She closed her fingers around the key. The brass was warm from his palm, the teeth biting into her skin with a remembered weight—the same weight she'd felt when his hand had pressed it into hers, unconditional, no contract attached. Her thumb traced the ridge of the bow once, then she slid it into her palm and reached into her jacket.
The paper was still warm. She'd folded it against her ribs, the crease pressed against the hollow of her collarbone, carrying it like a second heartbeat she couldn't stop feeling. She pulled it out and held it up between them—not flat, not offered, just visible. A flag. A confession she hadn't buried.
His eyes tracked the paper. Down the fold. Across the edge where her thumb pressed against the margin where L had been written in someone else's hand. Then he lifted his gaze to hers, and the question in them wasn't surprise. It was recognition, like he'd been waiting for her to show him the truth she was carrying.
"You want me to tell you who L is." Not a question. A statement dressed in certainty, his voice lower than before, scraping against something careful.
She shook her head once. Slow. "I want you to tell me why you gave me the key first." The words came out steadier than she expected—the same clipped precision she used on sources who thought they could dance around a question. "You didn't know I'd take the page. You didn't know I'd come back. But you gave me the key before any of that."
He didn't look away. His hands stayed at his sides, still, but she caught the way his fingers curled—not into a fist, just a press of thumb against forefinger, the same gesture a man might make before speaking into a microphone he wasn't ready to use.
"The key isn't about L," he said. "It's about what happens after you find L."
She let that land. The concrete was cold through her shoes, the dust settling back into the silence between them. "You're betting I'll choose you over the story."
"I'm betting you'll choose the truth over the story."
The paper trembled in her hand. Just a little. She steadied it with her other thumb, pressing the crease flat against the air between them. "You're not telling me who L is. You're telling me you trust me enough to let me find out for myself."
His eyes held hers. "I'm telling you I trust you enough to let you leave with the page."
She folded the paper again, slower this time, her fingers tracing the edge of the margin where L had been written. Then she tucked it back into her jacket, against the same hollow of her collarbone, and felt the key still warm in her palm.
She pressed the key into his palm. Wordless. The brass met his skin with the same warmth it had left — a handoff without ceremony, without explanation. His fingers closed around it automatically, the teeth settling against the line of his lifeline, and she let her hand fall back to her side.
He looked at the key. Then at her. The silence between them was the kind that didn't need filling — dust motes drifting through the cone of light, concrete cold seeping up through the soles of her shoes, the paper folded against her collarbone still warm where it pressed into her heartbeat.
"You're giving it back." Not a question. Something quieter — a recognition, the way a man might name a wound he hadn't expected to feel.
She shook her head. "I'm not giving it back. I'm putting it where it belongs."
His fingers stayed curled around the brass, unmoving. The light caught the side of his face, the silver at his temples, the crease at the corner of his mouth that deepened when he was reading a sentence he didn't want to finish.
"And where is that?"
She held his gaze. The answer stayed on her tongue, unspoken — because she didn't know it yet, not for sure. She knew only that the key had been a bridge, and she'd just stepped off it onto ground she couldn't see.

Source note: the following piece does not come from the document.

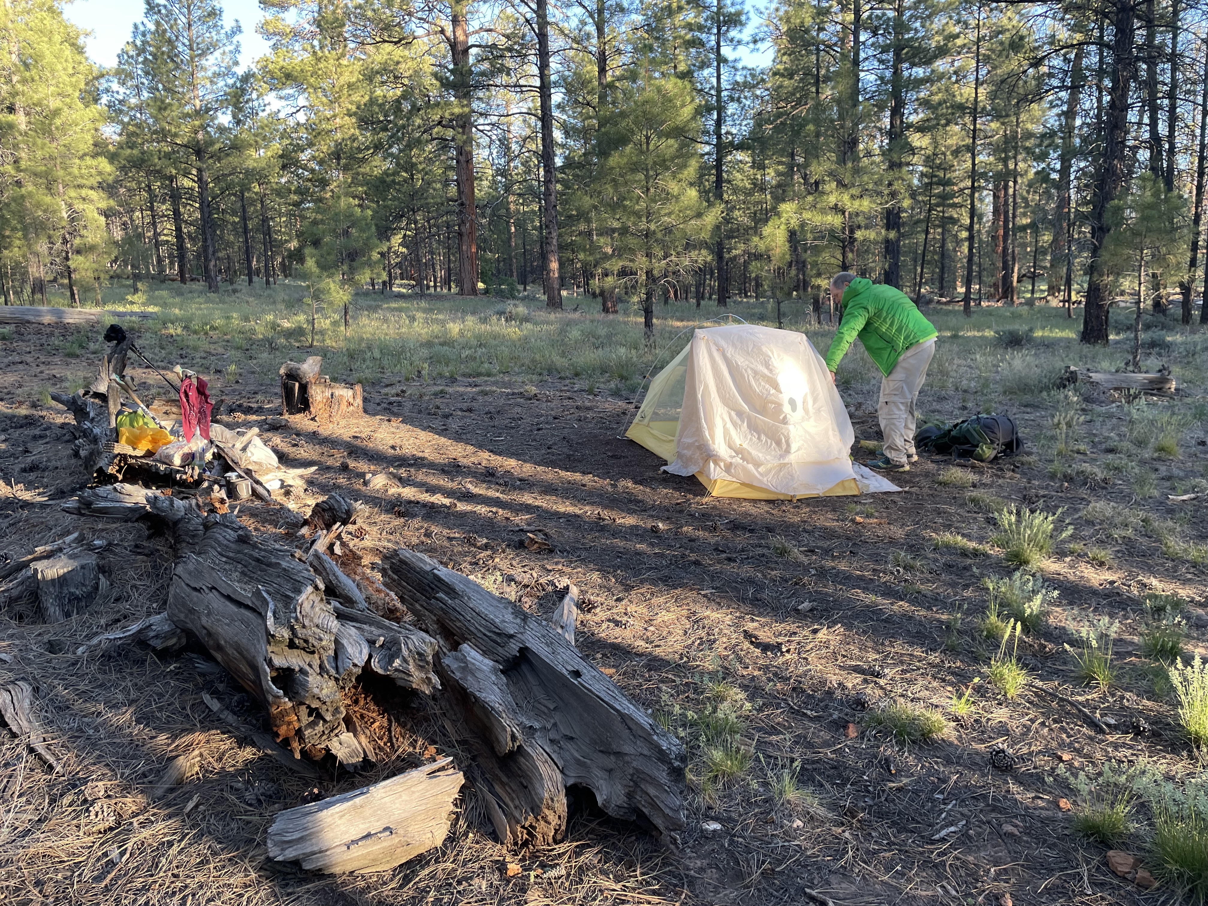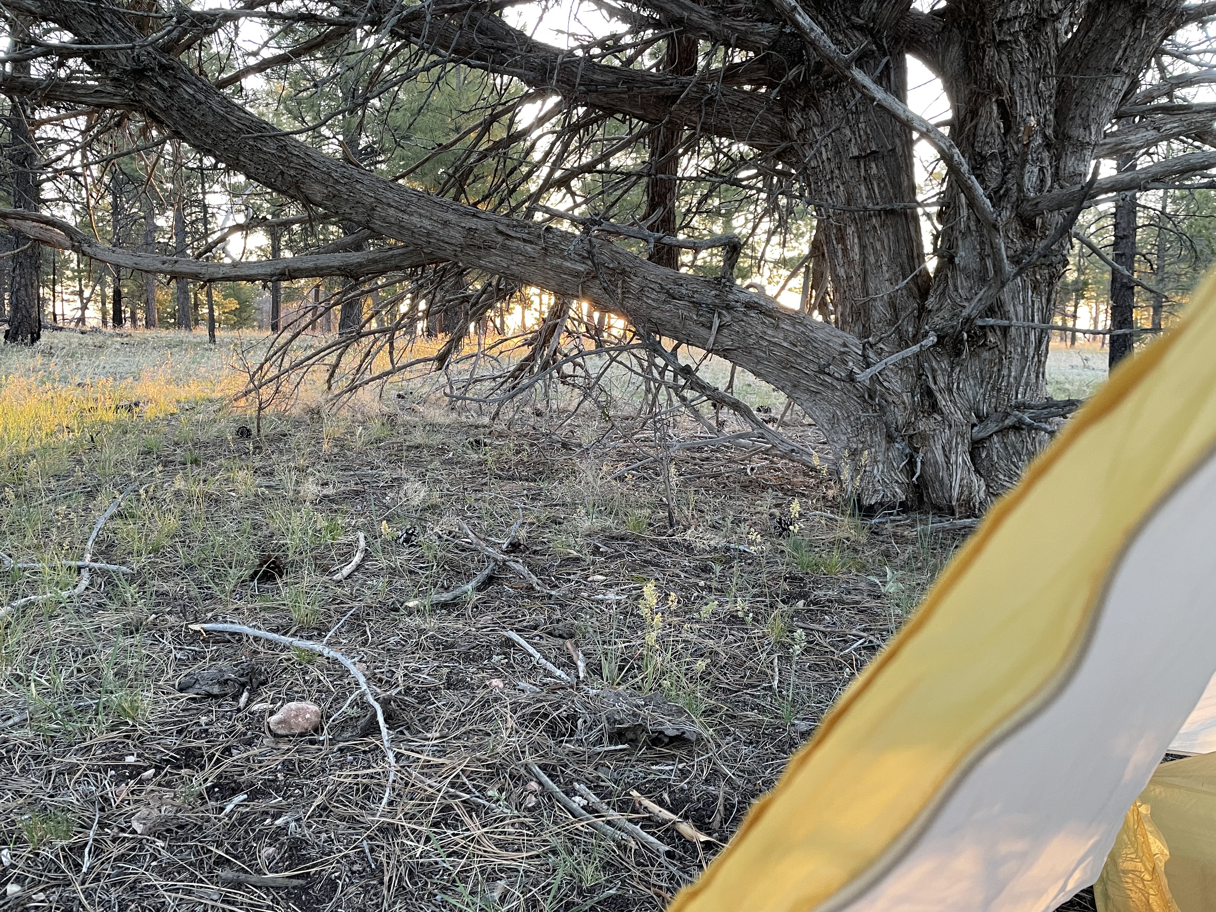 We hiked on until sunset was imminent. We looked for an open space to put up our tent hoping to get some morning sun. The wind was still roaring.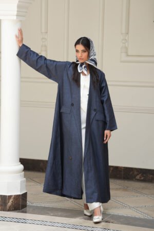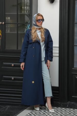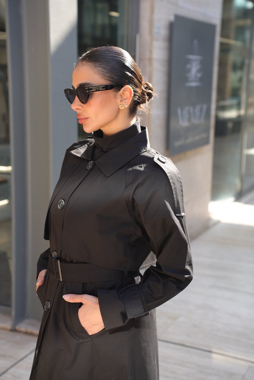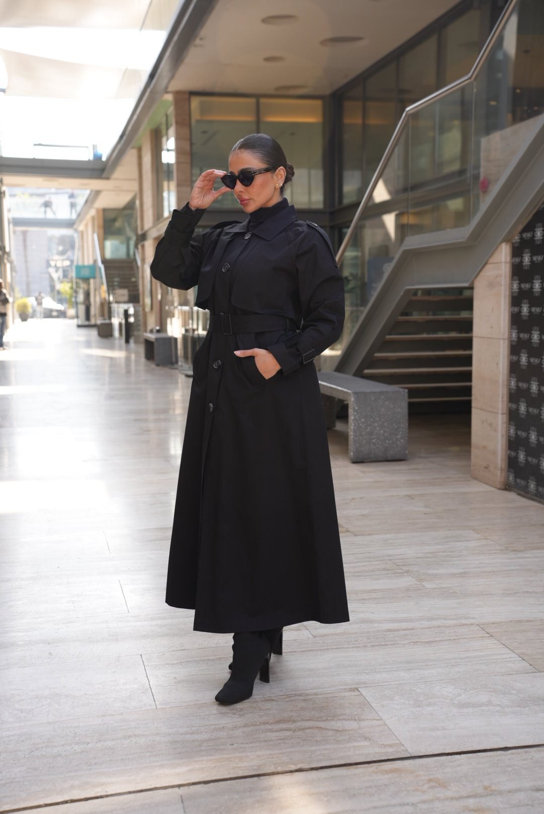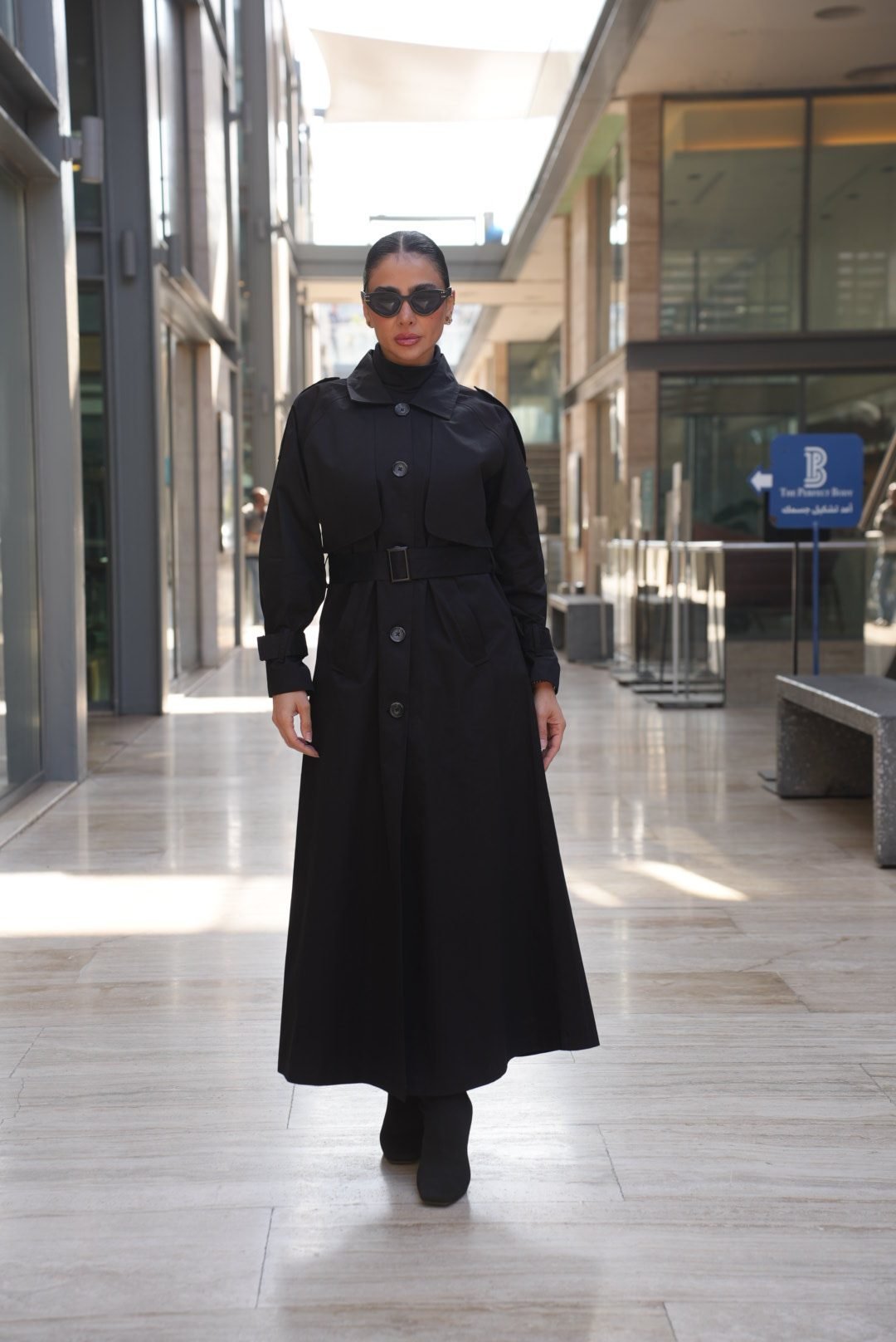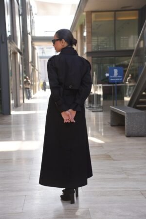 ترانشكوت أسود مصنوع من خامة مكس مارا الفاخرة، يتميز بتصميم كلاسيكي أنيق مع حزام على الخصر يضفي لمسة أنثوية راقية

His hand closed around the key completely, the knuckles whitening for a moment before he relaxed. He didn't put it in his pocket. He just held it, as though weighing what it meant to have it back.
"You're trusting me to keep it," he said.
"I'm trusting you to choose what to do with it." Her voice came out steady, even though her chest was tight. "You said the key is about what happens after I find L. But I don't get to find L if I'm still holding the key like a leash."
His eyes changed — the same shift she'd seen when he'd first given it to her, that crack in the composure he wore like armor. "And if I choose wrong?"
"Then I'll write the truth anyway." She let the words hang. "But I'll write it knowing I didn't hedge my bets."
The dust settled back into the light. He didn't pocket the key. He just stood there, palm open, brass warm, watching her like she'd just offered him something he didn't know how to name.